* Data block
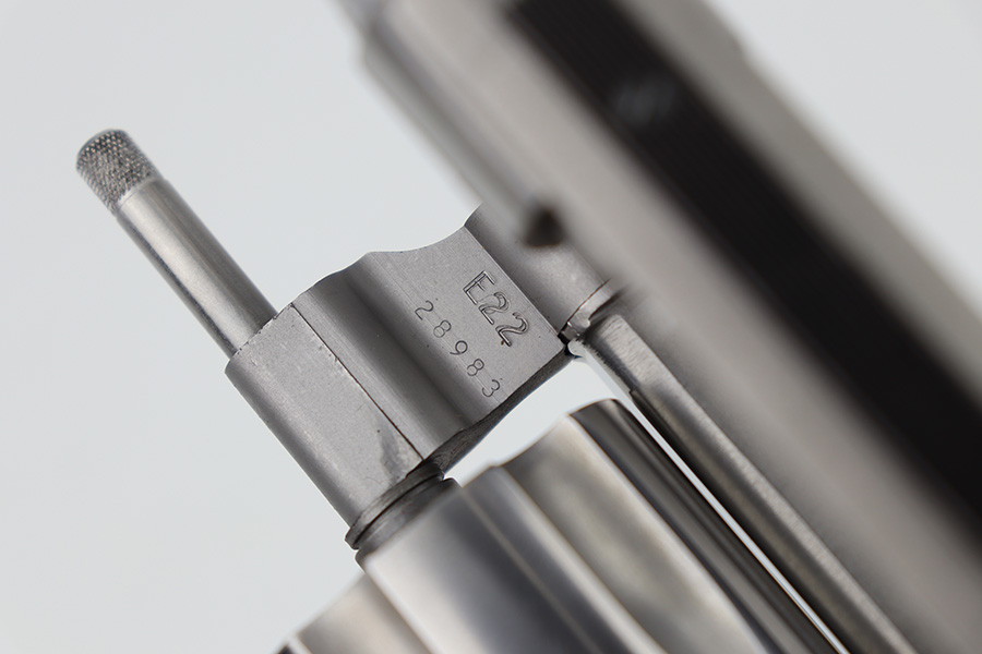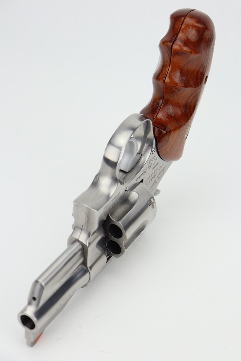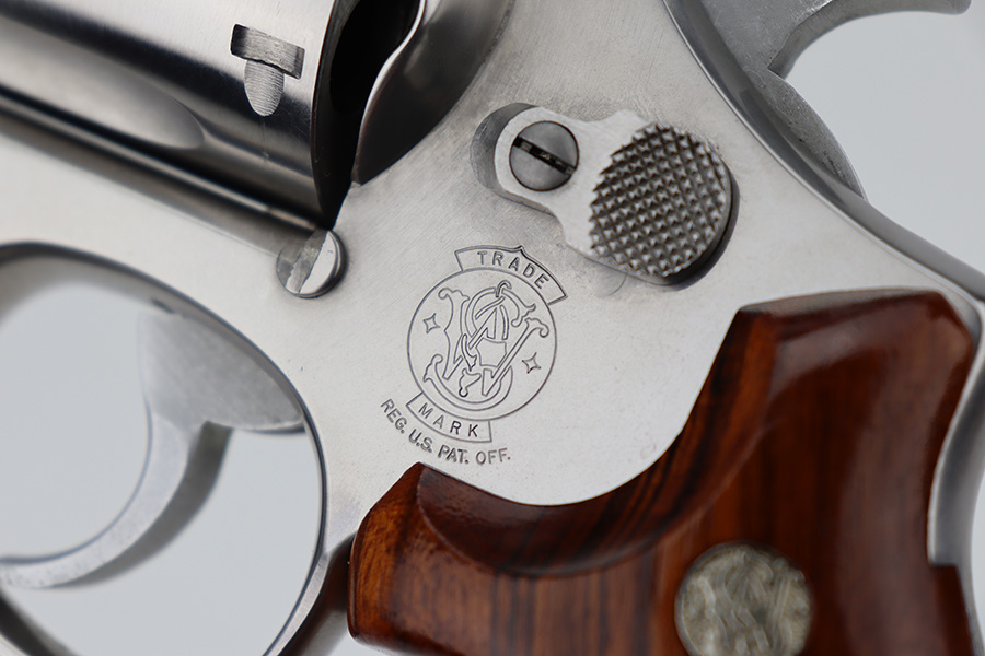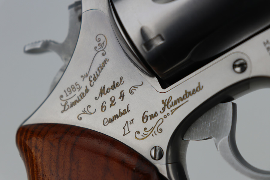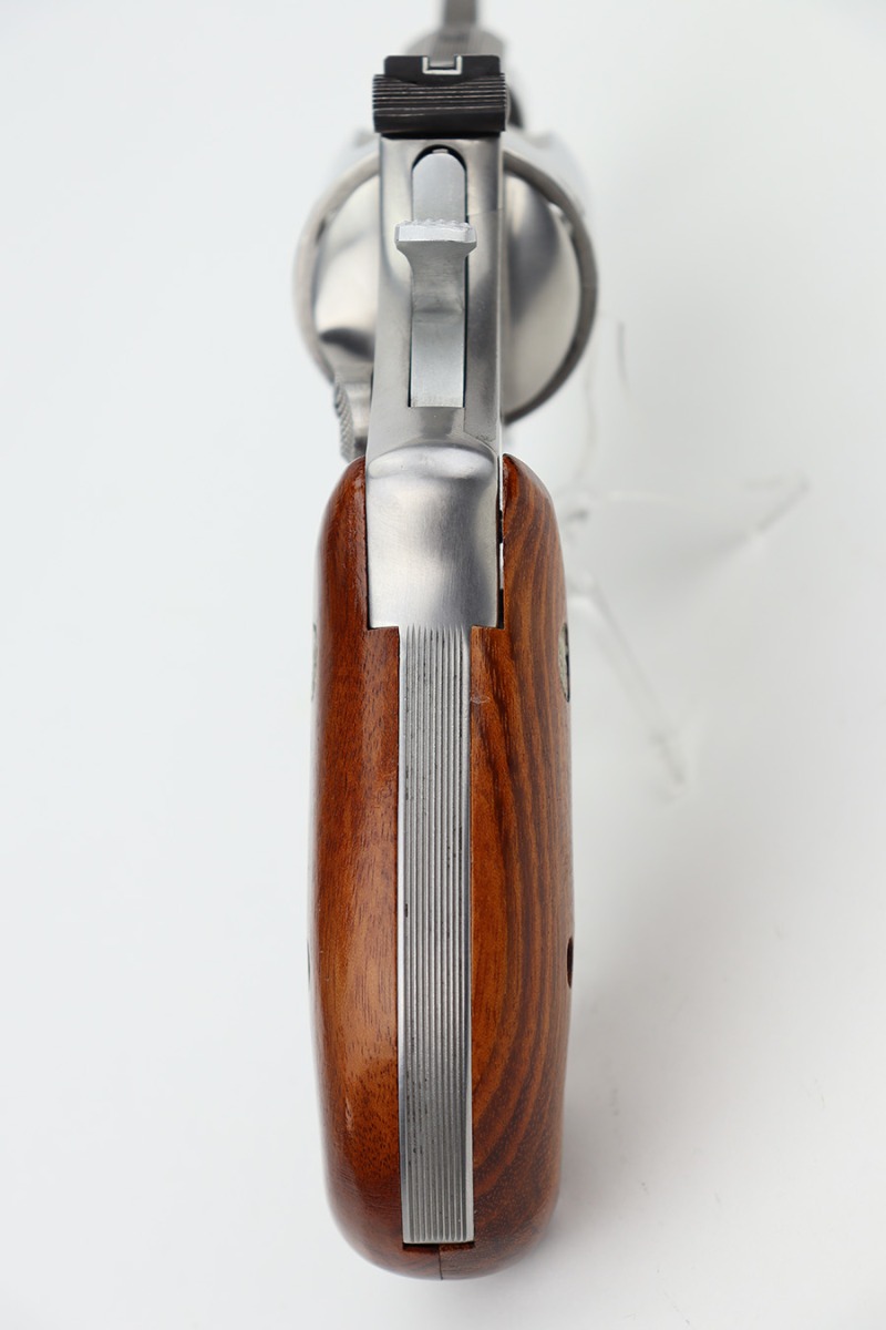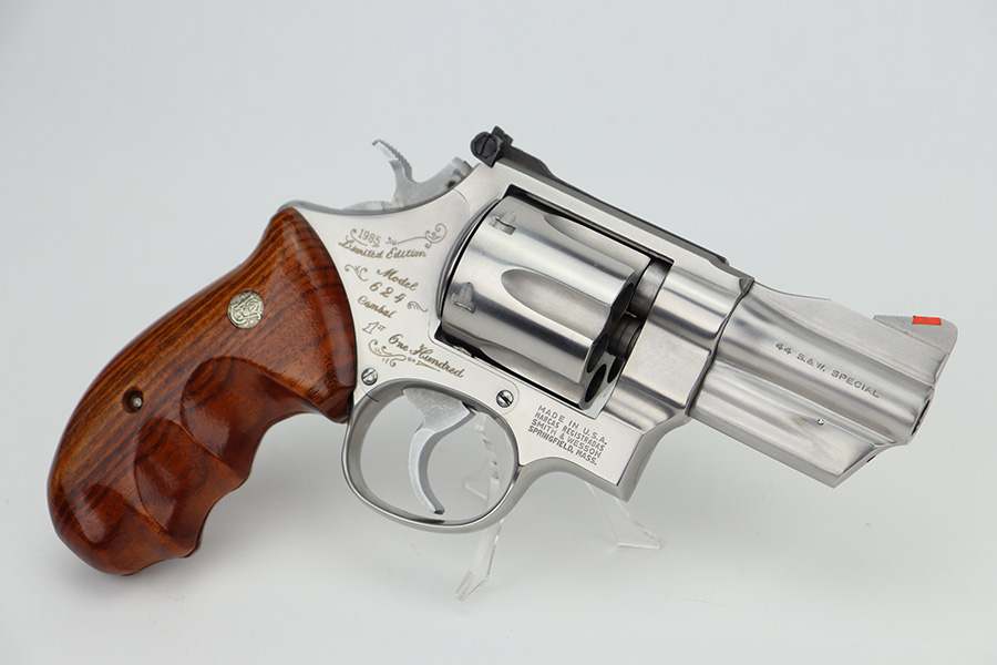 3/28/24 – This is a mint example of a Smith & Wesson Model 624 revolver, 1985 Limited Edition, chambered in .44 Special. 3 inch barrel. The right side of the frame reads “1985 Limited Edition Model 624 Combat 1st One Hundred”. Comes with a really nice wood presentation case. The gun has a really nice stainless finish and shows very little sign of wear or use, just a light roll mark on the cylinder. Fitted with excellent wood grips. Mint bore. Smooth action.
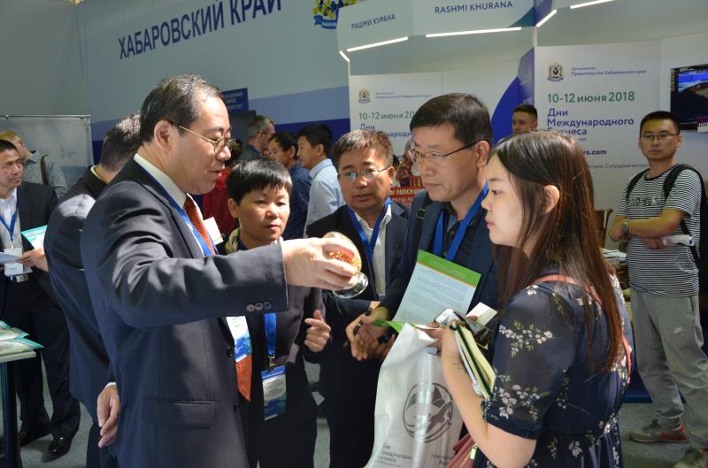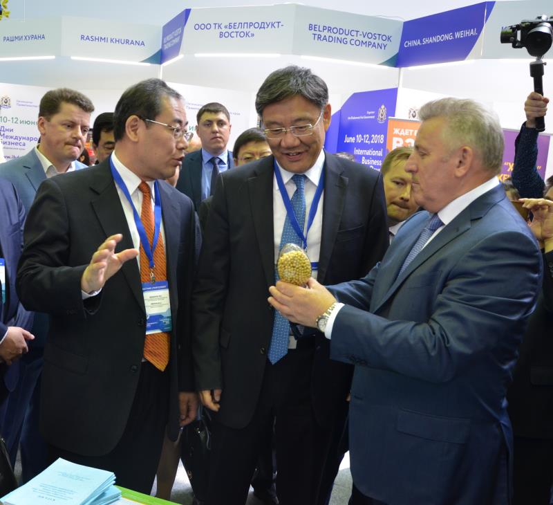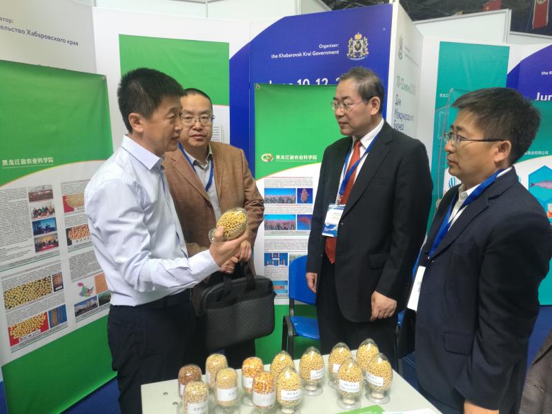 访俄期间,李文华院长参加了首届哈巴罗夫斯克边疆区“国际商务日”以及以绿色食品为主题的国际展览会“我们的选择-27”等活动。我院在“我们的选择27”展会上设置了独立展位,展示了具有自主知识产权的大豆、玉米、水稻、高粱等农作物种子样本,这些品种是我院专家精心挑选的适宜哈巴罗夫斯克边疆区、犹太自治州等远东地区生态条件的优良品种,我们还翻译了品种介绍材料,制备成中俄文小册子,全部分发给了来参观的中俄农业企业。文涛省长和哈巴罗夫斯克边疆区什波尔特州长等两国政府官员亲临展位,详细了解了我院品种特性及在俄种植情况,文涛省长要求我院帮助在俄企业解决怎么种的问题,特别是要解决轮作问题,还要指导企业遵守当地法律法规,保护好生态环境。此外,我院的展位也得到了中俄企业的极大关注,北方农业有限责任公司等多家企业专程赶到展会现场,表达了我省在俄企业对农作物新品种以及轮作技术的强烈需求,希望我院尽快建成犹太自治州分院,解决当地农业生产中的实际问题。韩国国家农业和渔业集团俄罗斯远东农业支持中心、哈巴罗夫斯克边疆区农业基金会等外方单位亦表达了合作意愿,希望我院能为其提供相关支持。
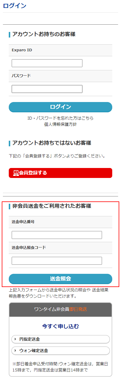 ゲスト会員も送金申込内容や送金処理の進捗状況の確認をご照会いただけます。

* Exercise goal
Give an exact copy of the data, and omit any pictures it holds.

* Exercise answer
 3/28/24 – This is a mint example of a Smith & Wesson Model 624 revolver, 1985 Limited Edition, chambered in .44 Special. 3 inch barrel. The right side of the frame reads “1985 Limited Edition Model 624 Combat 1st One Hundred”. Comes with a really nice wood presentation case. The gun has a really nice stainless finish and shows very little sign of wear or use, just a light roll mark on the cylinder. Fitted with excellent wood grips. Mint bore. Smooth action.
 访俄期间,李文华院长参加了首届哈巴罗夫斯克边疆区“国际商务日”以及以绿色食品为主题的国际展览会“我们的选择-27”等活动。我院在“我们的选择27”展会上设置了独立展位,展示了具有自主知识产权的大豆、玉米、水稻、高粱等农作物种子样本,这些品种是我院专家精心挑选的适宜哈巴罗夫斯克边疆区、犹太自治州等远东地区生态条件的优良品种,我们还翻译了品种介绍材料,制备成中俄文小册子,全部分发给了来参观的中俄农业企业。文涛省长和哈巴罗夫斯克边疆区什波尔特州长等两国政府官员亲临展位,详细了解了我院品种特性及在俄种植情况,文涛省长要求我院帮助在俄企业解决怎么种的问题,特别是要解决轮作问题,还要指导企业遵守当地法律法规,保护好生态环境。此外,我院的展位也得到了中俄企业的极大关注,北方农业有限责任公司等多家企业专程赶到展会现场,表达了我省在俄企业对农作物新品种以及轮作技术的强烈需求,希望我院尽快建成犹太自治州分院,解决当地农业生产中的实际问题。韩国国家农业和渔业集团俄罗斯远东农业支持中心、哈巴罗夫斯克边疆区农业基金会等外方单位亦表达了合作意愿,希望我院能为其提供相关支持。
 ゲスト会員も送金申込内容や送金処理の進捗状況の確認をご照会いただけます。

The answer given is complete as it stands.